Guidelines for Pediatrics

Regarding pediatric neurosurgery cases, Wellons et al.⁶⁸ recommended limiting patient interactions for staff and visitors at children's hospitals and proposed greater reliance on telephone triaging for patients with chronic neurosurgical issues. Because these patients could require regular clinic visits, it is important to screen for urgency. Regarding equipment, pediatric neurosurgeons should be prepared to loan out pediatric ventilators and to convert ICU units for use by adult patients.⁶⁸

Considerations for Managing a Decreased Patient Load

The cessation of elective cases has substantially decreased the neurosurgical patient volume.⁵⁹ With smaller caseloads, fewer physicians are needed.⁵⁹ Similar to the strategy recommended by Burke et al.,⁶⁹ our institution halved the number of neurosurgery residents on inpatient service in an effort to limit exposure and prevent the spread of COVID-19 among the residents. The residents were divided into 2 teams, which alternate inpatient duties every 2 weeks, resulting in fewer residents in the hospital for nonemergent consultations. The rationale is decreased exposure to potential COVID-19 carriers and decreased turnover of PPE materials with an alternating 2-week “off period” that also serves as a functional self-quarantine period.
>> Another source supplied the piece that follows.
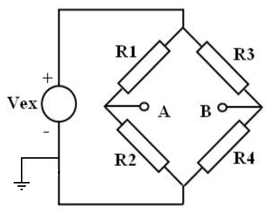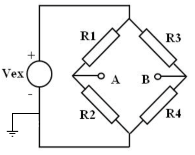 One way of do this is by using a Wheatstone bridge. A Wheatstone bridge is constructed using two parallel voltage dividers \(R_1 / R_2\) and \(R_3 / R_4\).

Residents and attendings from the neuroscience specialties have been redeployed to cover the respiratory ICU for critical patients with COVID-19. With a decrease in the clinical workload, greater emphasis has been focused on academics and research.

Conclusions

Although most patients with COVID-19 will either not have or have only mild neurological manifestations, it is clear that SARS-CoV-2 affects the CNS. As the pandemic increases, so too will the collective understanding of how to manage this novel virus. Because some of the neurological sequelae of this disease can be devastating, the neuroscience community must be aware of the neurological effects of COVID-19 and how to approach them.